Turn right, taking the footpath that leads across the grassy area northwards to the next board. Unfortunately this is mistakenly labelled board 1!
After William’s conquest of England following the invasion of 1066 the Norman barons were rewarded with vast tracts of land. Thirsk and its surrounding region formed part of the estates of the powerful Mowbray family and the building of a castle on this site was probably carried out around 1092 by Robert de Mowbray who was then Governor of Northern England. It was from Thirsk that Robert de Mowbray marched north to defeat an army of invading Scots led by their King Malcolm who was cornered and slain at Alnwick.

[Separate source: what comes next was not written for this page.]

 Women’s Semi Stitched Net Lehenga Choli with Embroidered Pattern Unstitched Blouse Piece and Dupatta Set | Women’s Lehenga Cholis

By the time of King Stephen (1135-1153) Thirsk Castle was the home of the young Roger de Mowbray and his widowed mother lady Gundrea de Albini. In 1138 a group of twelve monks led by Abbot Gerold arrived in Thirsk. Four years earlier they had been sent from their Savigniac monastery at Furness to found a new abbey at Calder in Cumberland, but fleeing from marauding Scots, they had come to Yorkshire to find a place to establish themselves. Gundrea sheltered them here in Thirsk before sending them on to settle at Hood on the edge of the Hambleton Hills where her uncle lived the solitary life of a hermit. It was these monks who, after several abortive attempts at establishing a permanent monastery, exchanged their Savigniac rule for the Cistercian mode and, with substantial grants of land, founded Byland Abbey in 1177.

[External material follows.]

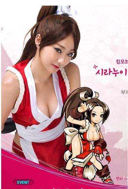 경리가 코스프레 복장을 착용한 시라누이 마이는 한국과 일본 코스프레 마니아들의 단골손님으로 가슴골을 내놓고, 옆트임이 있는 도복을 입고 있는 섹시 여성 캐릭터입니다.

In 1138, the year the monks came to Thirsk, there was renewed fighting with the Scots who had swept through Northumberland and Durham and across the Tees. They were opposed by the Yorkshire barons led by Thurstan, Archbishop of York. To encourage the English army, the Archbishop contrived a great mast mounted on wheels, topped by a casket holding a consecrated wafer and flying the banners of the four patron saints of the North; it was to be the rallying standard in the fight that was to follow. Mustering at Thirsk, the barons marched to meet the Scots just beyond Northallerton, where the English army routed the Scots in the Battle of the Standard and drove them back beyond the Tees.
In the years that followed, Roger de Mowbray joined the party of Prince Henry in rebellion against Henry II. Roger had backed the losing side, however, and though pardoned by the King, his castles were declared forfeit and destroyed in 1176.